(Beginning of SUPPLIED MATERIAL)
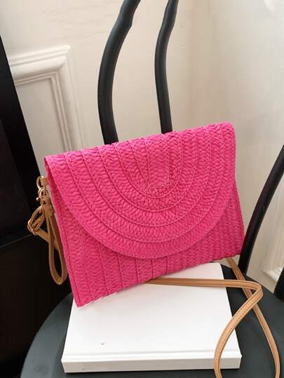 Yogodlns Neon Pink Straw Bag Paper Funky,Perfect For Summer Beach Travel Vacation - Hot Pink - View 1
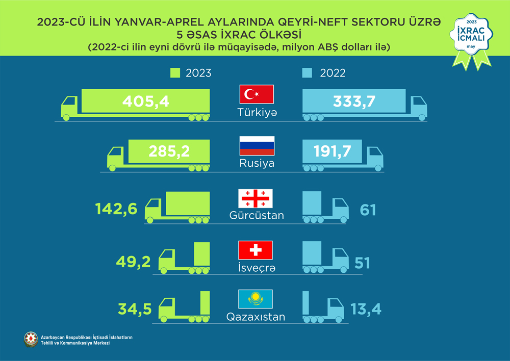2023-ci ilin yanvar-aprel ayları ərzində Türkiyəyə 405,4 milyon ABŞ dolları, Rusiya Federasiyasına 285,2 milyon ABŞ dolları, Gürcüstana 142,6 milyon ABŞ dolları, İsveçrə Konfederasiyasına 49,2 milyon ABŞ dolları, Qazaxıstana isə 34,5 milyon ABŞ dolları dəyərində qeyri-neft sektoruna aid mal ixrac olunub.
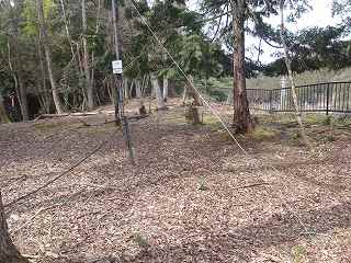 城の東側の下には駐車場があったので、車はそこに停めさせていただいた。城址方向を見てみると、山稜下部の辺りにロープが張られているのが見えている。
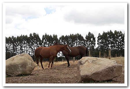The girls hang out by the scratching stones on the CalmHealthyHorses track.
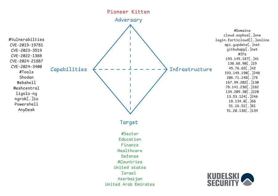 From the IPs we can see from this campaign, all of them have been attributed to the Iranian group Pioneer Kitten, UNC757. They have conducted numerous intrusions against organizations in the United States and other countries since 2017, with the majority of IPs found on this campaign; most of the IPs are linked to a hosting provider.
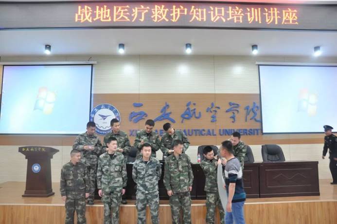 为了提高我院士官生的应急救护能力,提高士官生的急救意识。学院于11月28日在阶一教室开展“战地救护知识培训讲座”。活动由张亚峰教官组织进行,聘请空军某部的曾班长进行主讲。
(End of SUPPLIED MATERIAL)
Using the entries above, reproduce word for word only the lines from the one that contains "城の東側の下には駐車場があっ" to the one that contains "The girls hang", both ends included, and drop every picture.

- [ANSWER BOX]:
 城の東側の下には駐車場があったので、車はそこに停めさせていただいた。城址方向を見てみると、山稜下部の辺りにロープが張られているのが見えている。
The girls hang out by the scratching stones on the CalmHealthyHorses track.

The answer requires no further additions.